Неожиданно я уткнулся носком ботинка в распростертое на земле бездыханное тело. Зеленая чалма, славянские черты мертвого лица, стеклянные глаза, полураскрытый рот с запекшейся на губах кровью, испачканная в крови ржаного цвета борода, грязный камуфляж – как есть русский «ваха». В руке убитый фанатик сжимал автомат. Я осторожно обошел труп: а вдруг на нем есть неразорвавшаяся бомба? Мои ноги ступили в размякшую глину – следы стройки, затеянной незадолго до Низвержения Вертикали; теперь-то никто уже ничего не строит, только ломают и растаскивают. Выругавшись, я выбрался из грязи и направился далее через двор. Неожиданно из-за старых тополей в конце двора выступили три фигуры в длинных серых балахонах с капюшонами, скрывавшими лица. Кто такие? Откуда? И что у них на уме? Не они ли уложили тут ваххабита? Фигуры приближались ко мне. На груди у каждой я заметил зловещий знак – алый четырехконечный крест, рассекающий белый круг. Концы креста заканчивались стрелками. Боже мой, нарвался-таки на неприятности! Это ж Арийская Православная Церковь Третьего Завета (АПЦТЗ)! Секта, какие поискать: почитают Святого Духа превыше Отца и Сына, для молебствий собираются по подвалам да всяким катакомбам.

Трое сектантов неумолимо приближались ко мне. Я шагнул назад, потом еще. Те самые: охотятся на ваххабитов, язычников, «стражей демократии», скинов, геев, православных, не разделяющих их символа веры – вообще на всех, кто не с ними. Вот уж влип так влип!

- Стоять! – гаркнул средний из троих; остальные, тем временем, стали обходить меня с боков. В рукаве заходящего слева явственно блеснул ствол. «Бежать, во что бы то ни стало!» - я рванул влево, в спасительную подворотню, выводящую на оживленную улицу.

Я и не знал, что при моей нехилой комплекции могу бегать так быстро. Припустил по лужам, как реактивный снаряд влетел в подворотню, преследуемый топотом шести ног и отчаянными криками: «Стой! Остановись!» В каменный свод над головой ударила предупредительная пуля. К счастью, кованая решетка, некогда преграждавшая вход, была давно снята охотниками за цветным металлом. Я выскочил на улицу и… едва не угодил под танк, грохочущий по мостовой. Над башней танка развевался бело-зеленый флажок.

Вслед за танком из-за поворота появились двое вооруженных мотоциклистов. Я застыл как вкопанный, на мгновенье забыв о преследователях. А они были уже в трех шагах, и готовились накинуться на меня сзади. Секунды решали мою судьбу. Я ринулся наперерез мотоциклистам; фанатики в недоумении остановились на тротуаре, где миг назад был я.

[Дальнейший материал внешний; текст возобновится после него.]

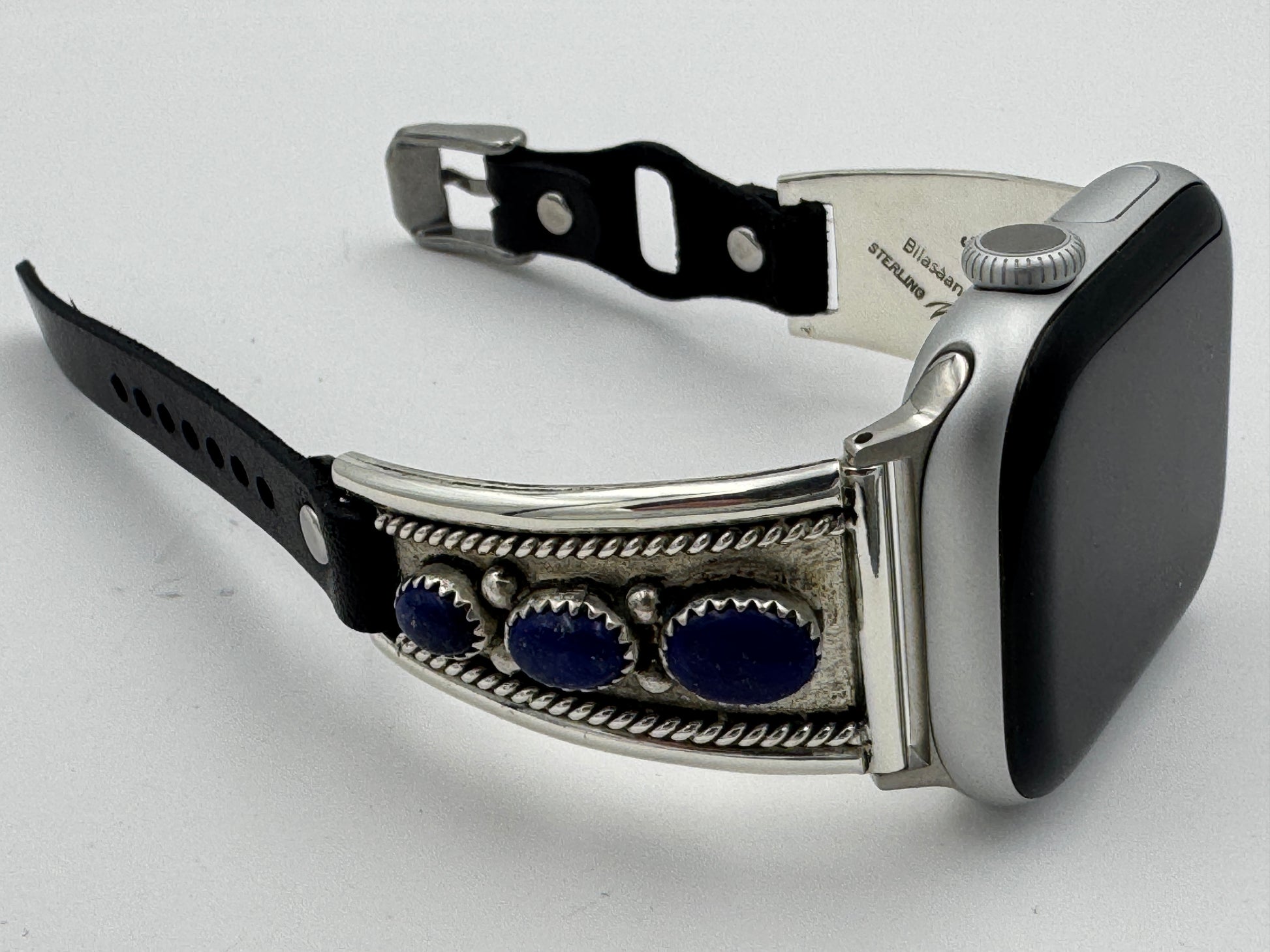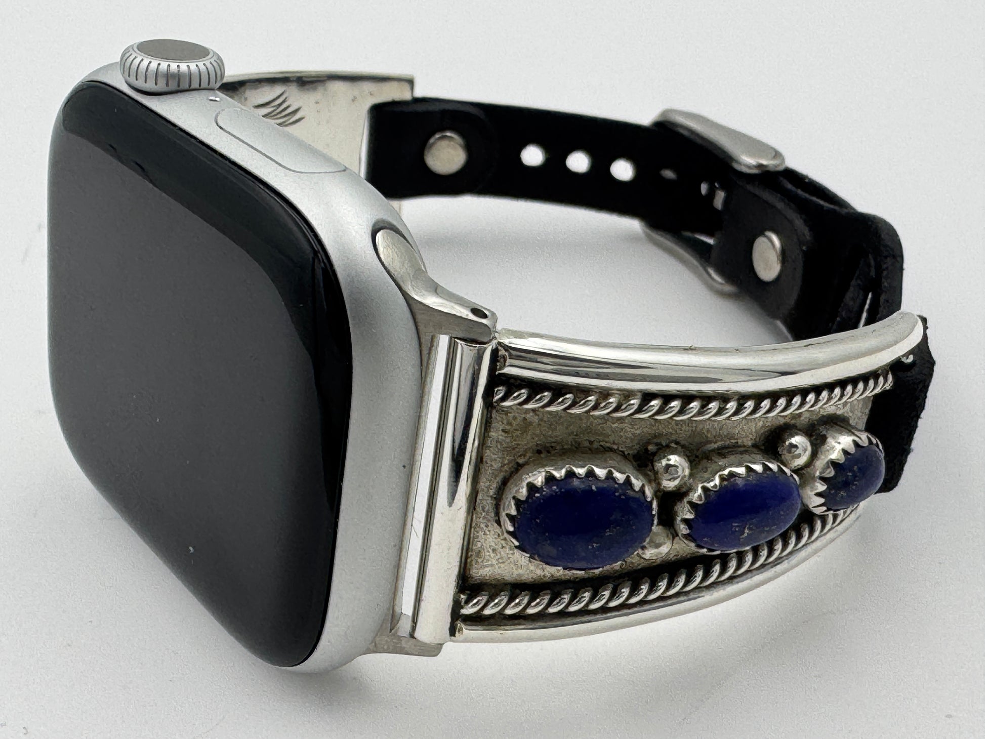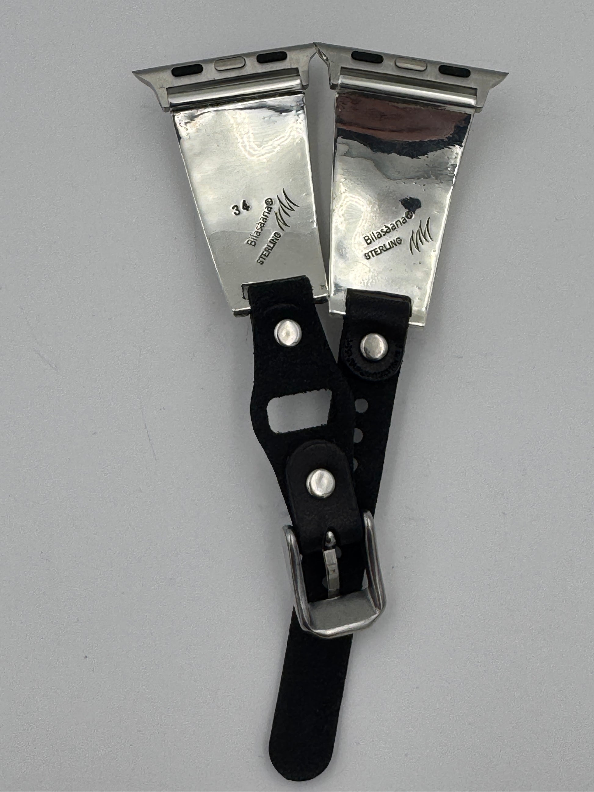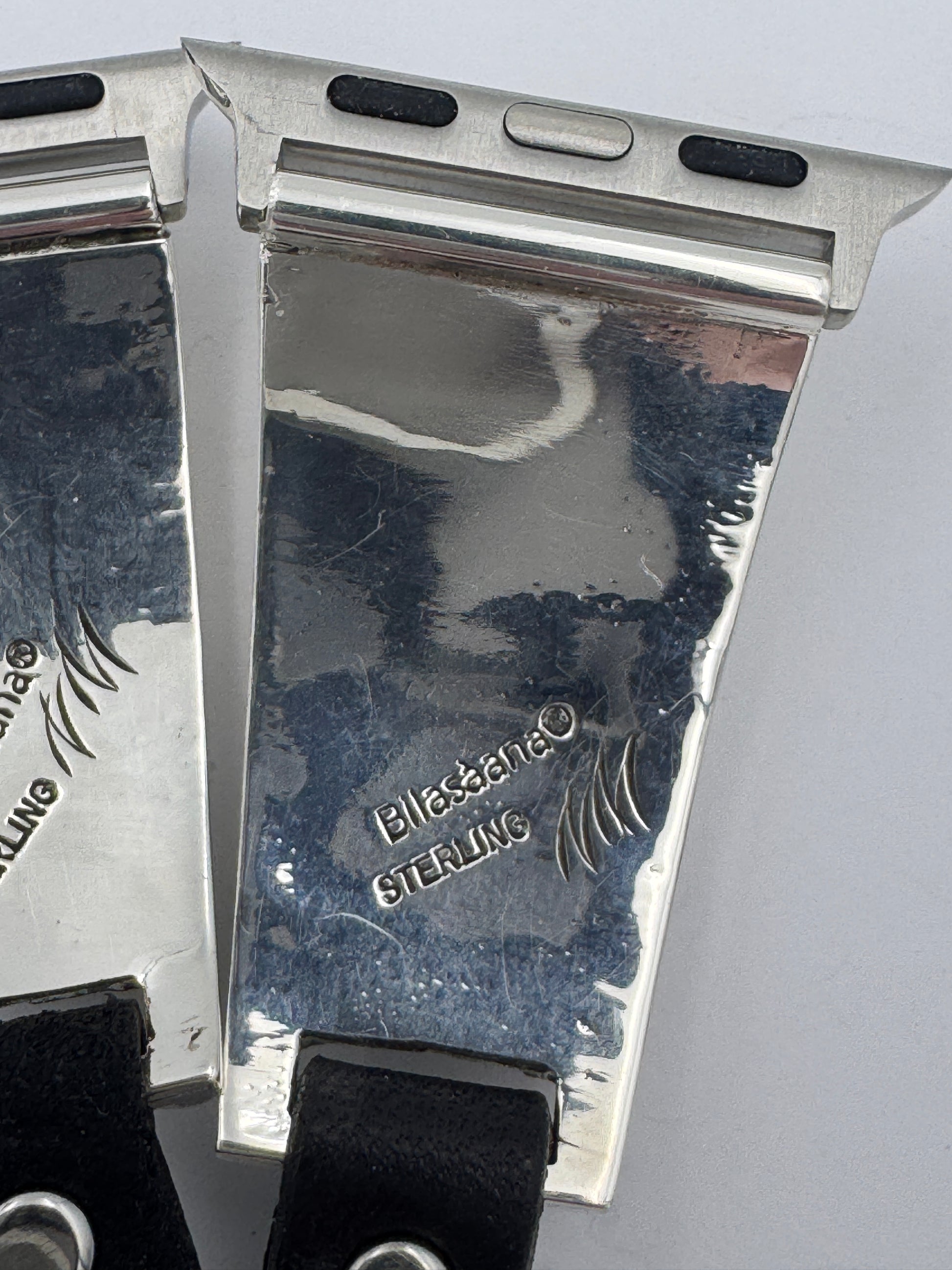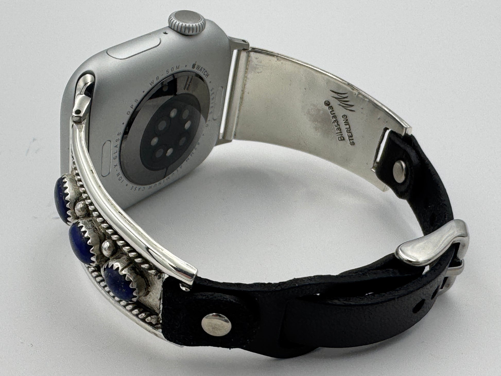 This is Nelson Morgan's 34th Bilasáana piece offered. The iBand consists of two Sterling Silver Tips with 38/40/41mm WATCH adapters and a Laser Cut Leather Band. The Sterling Silver Tips are Handcrafted by Nelson Morgan of the Navajo Nation and have an authentic Navajo Stamp and Bead Design with Blue Lapis stones on each side. On the inside of one Tip is the official Bilasáana Trademark, the serial number 34, a Sterling mark and Nelson's NM authenticity mark. The other tip has Sterling, Bilasaana and Nelson's marks.
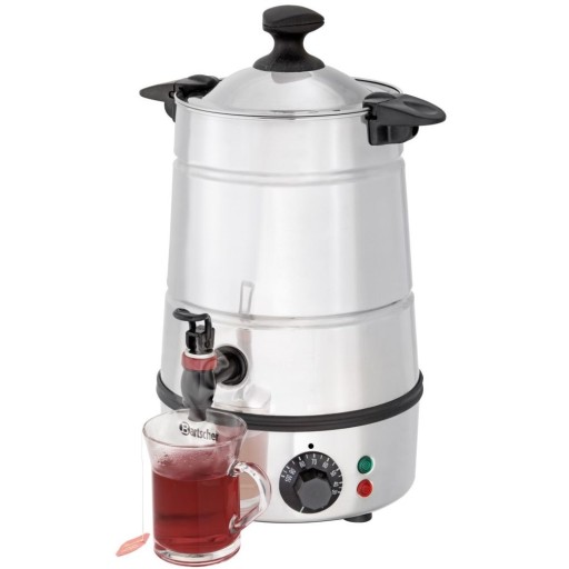 Warnikdo wody o pojemności 5 l posiadający nierdzewną obudowę i pokrywę. Regulacja temperatury w zakresie od 30 do 100ºC pozwala na utrzymywania właściwej temperatury wody przeznaczonej do przygotowania herbaty, kawy oraz napojów typu instant.
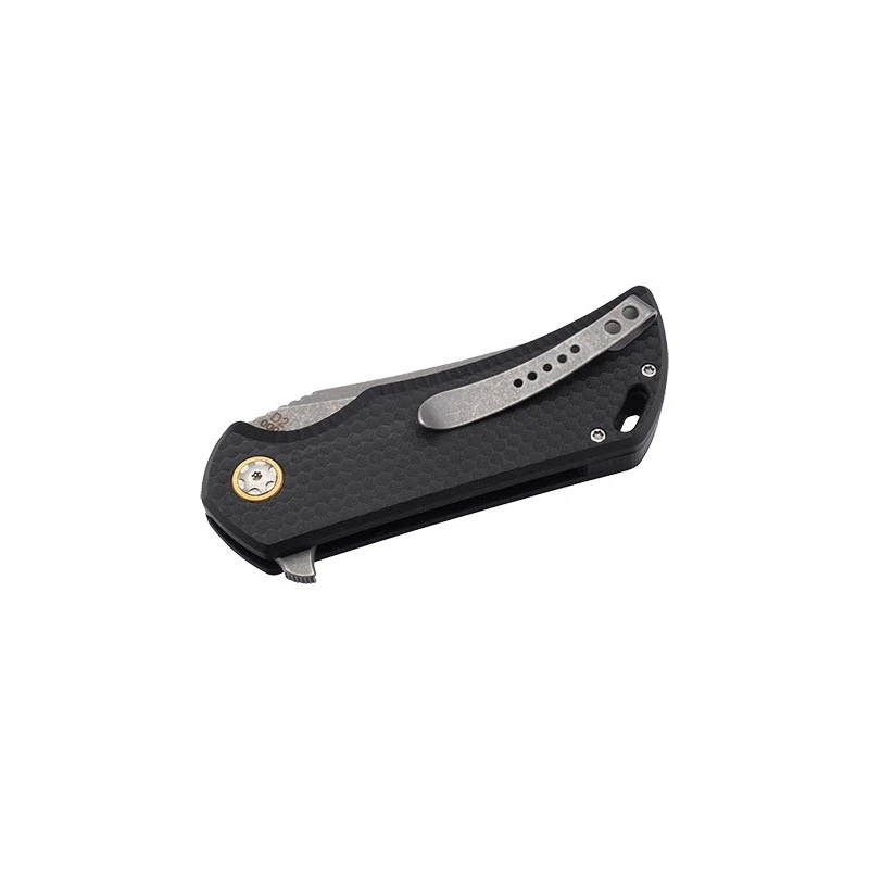 Le manche du couteau Böker Plus Golem est conçu en G10 noir avec une belle texturation façon nid d’abeille. Le repose-pouce comprend des rainures sur le pourtour, il garantit une grande sécurité durant le travail. Un anneau décoratif en laiton apporte une touche de couleur à l’ensemble. Le trou de lanière ainsi que le clip de transport font qu’il est aisé d’emporter le couteau au quotidien. Le Golem Böker Plus vous sera livré avec sa pochette en nylon.
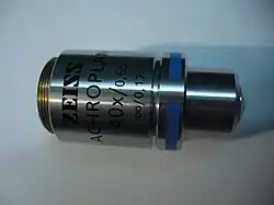 - Через дробь от увеличения указывается числовая апертура — характеристика разрешающей способности объектива. Предельная разрешающая способность объектива в мкм , где λ — длина волны света, мкм; А — числовая апертура. Лучшие объективы имеют апертуру 1,4 и разрешение 0,12 мкм. Оценочно считают что максимальное разумное увеличение микроскопа при наблюдении глазом ограничено величиной апертуры умноженной на 1000. С другой стороны, чем больше апертура тем меньше глубина резкости (глубина зрения)[9]. Иногда объектив снабжается регулируемой диафрагмой, изменяющей числовую апертуру (такие объективы маркируются I, Iris).
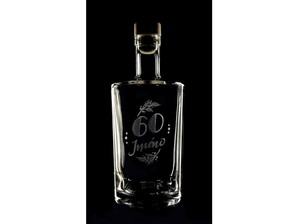 Lahev na slivovici 0,7l k 60 narozeninám s vlastním jménem - ručně ryté (broušené), dárková krabička, možnost jména na přání
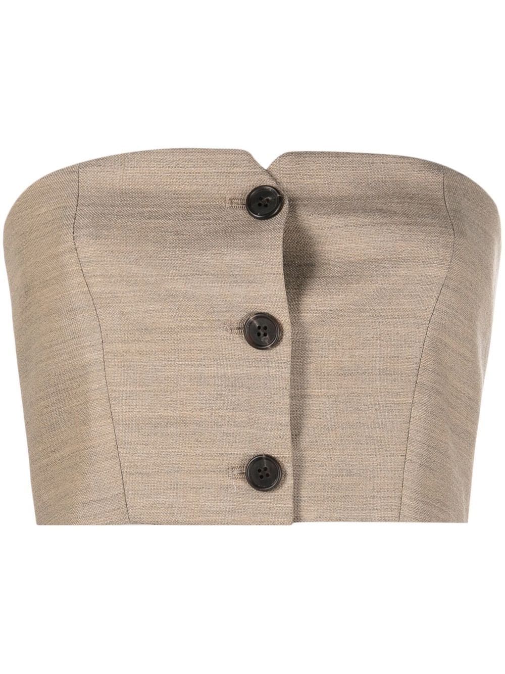 boustier corto, bottoni, stecche laterali, tessuto melange, foderatoComposizione: 100% lana Istruzioni di lavaggio: lavare a secco
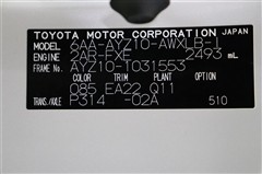 車両型式、フレームナンバーなどを表記したプレートです。最後までご覧いただきましてありがとうございました!ご不明な点などございましたら、お気軽にお問い合わせください。
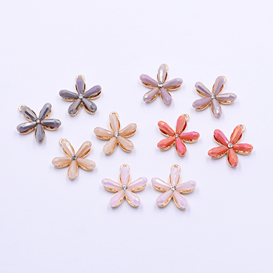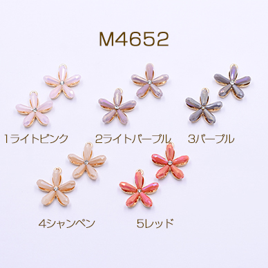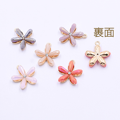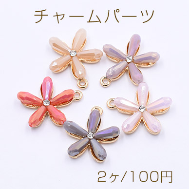 チャームパーツ 五弁花 ガラスビーズと石付き 21×23mm ゴールド【2ヶ】
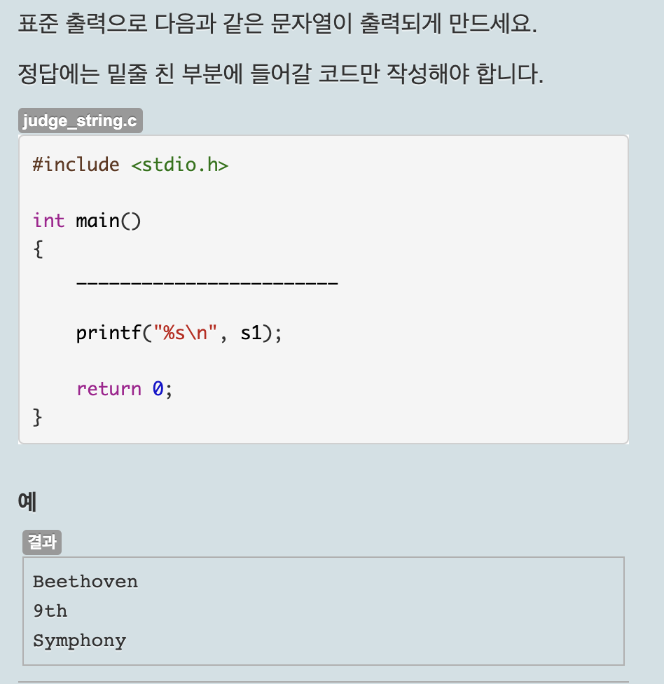 문자열은 ""(큰따옴표)로 묶어야 하며 문자열을 출력할 때는 서식지정자 %s를 사용해야 한다.
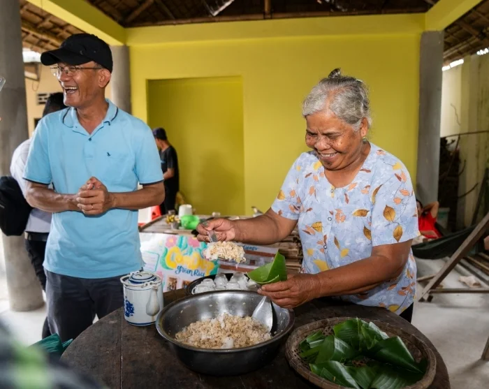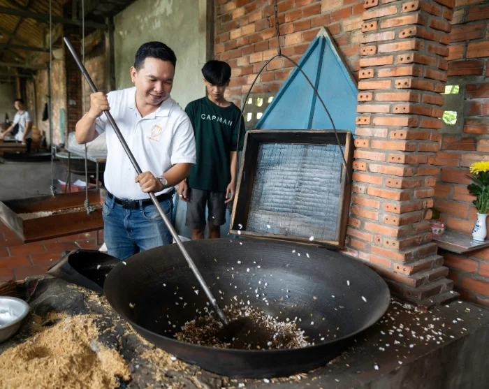 Tuktuk’en tager dig med gennem landsbyens rolige veje. Første stop er hos en lokal familie, hvor du smager com dep (grønne risflager) og ser, hvordan popris bliver fremstillet.
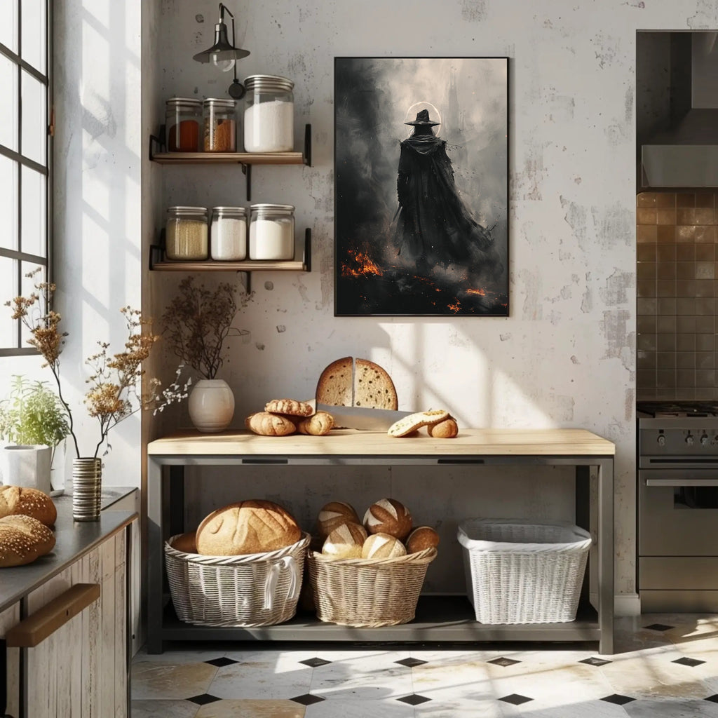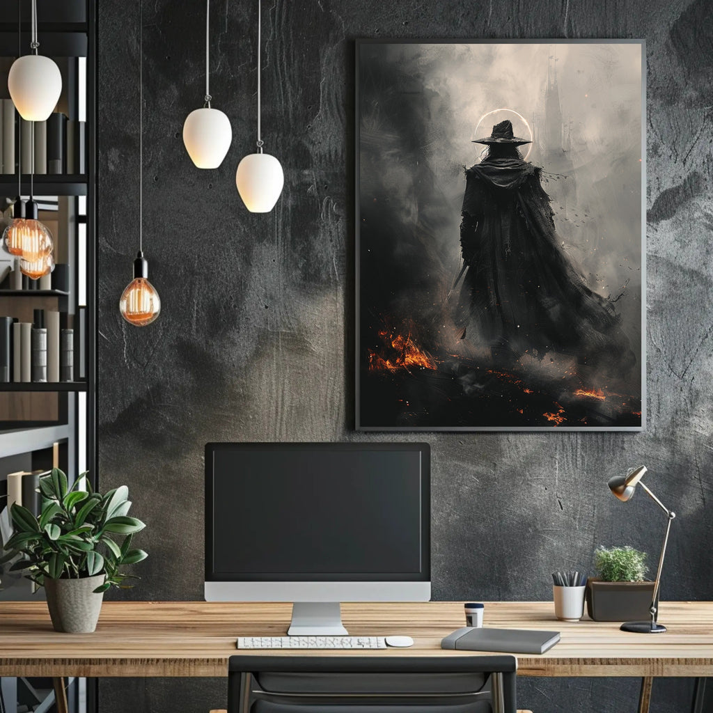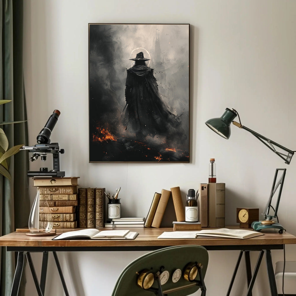 Rendered in a stormy palette of charcoal grays and ember-orange accents, this vertical poster captures a lone cloaked wanderer seen from behind, a pale halo framing their head as ash and smoke swirl around a smoldering landscape. The artwork’s rich contrast and textured brushwork create depth and motion, making it perfect for travel enthusiasts, collectors of enigmatic artwork, or anyone seeking a bold interior statement.

За мотоциклистами, направившими своих стальных коней прямо на меня, показался массивный черный джип с таким же флажком. Мотоцикл сшиб меня; я полетел вперед – и рухнул на асфальт прямо перед внезапно остановившимся автомобилем, при этом больно ударившись левым боком. Моя голова стукнулась о дорожное покрытие в нескольких сантиметрах от правого переднего колеса. Мотоциклист лягнул меня ногой в поясницу, дуло автомата уперлось в затылок; подрулили второй, наехав на ушибленную при падении ногу. Я застонал, попытался поднять голову, но сталь ствола намертво прижала ее. Тут отворилась дверца автомобиля, заслонив мне и без того узкий сектор обзора. «Господин генерал, тут очередной «камикадзе» нарисовался», - послышался голос адъютанта.

- Сейчас посмотрим, что за фрукт, - послышался низкий голос из машины. Адъютант услужливо распахнул дверцу, помогая выйти генералу. Намертво прижатый дулом автомата к асфальту, я видел только блестящие носки ботинок.

- Проверьте его, - скомандовал военачальник. Вдоль моего тела прошелся металлоискатель – и совершенно без толку: ничего металлического на мне не было: ствол, часы и мобильный телефон у меня, как я уже говорил выше, забрали грабители; металлические монеты давно вышли из обращения по причине бешено скачущей инфляции. Боец, видимо, развел руками, и генерал пророкотал:

- Поднимите этого самоубийцу! – и тут мотоциклист убрал дуло от моего затылка, резко вздернул меня за шкирку и поставил перед лицом генерала. Я сразу узнал его: кряжистая фигура коренного сибиряка, широкое, но не полное лицо, грубые, словно наспех вырубленные скульптором из гранита черты, брови, будто широко раскинутые крылья орла, ястребиный взгляд карих глаз, слегка раскосых – наверняка в роду были какие-нибудь тунгусы или алтайцы. Форма – та же, что и у российских военачальников, если не считать петлиц в виде соболей, сжимающих стрелы, как на сибирском гербе. Василий Данилович Поярков! Кошмарный сон временных правителей России. Человек, за голову которого назначена награда в два триллиона стремительно обесценивающихся рублей.

Дождь постепенно сходил на нет, однако небесная влага все еще лилась. Генерал стоял без плаща, адъютант без зонта, которым следовало бы прикрывать главнокомандующего от дождевых потоков. Казалось, он на замечал, просто не ощущал дождевых струй – зато я за недолгое пребывание вне убежища успел изрядно намокнуть и, кажется, простудиться.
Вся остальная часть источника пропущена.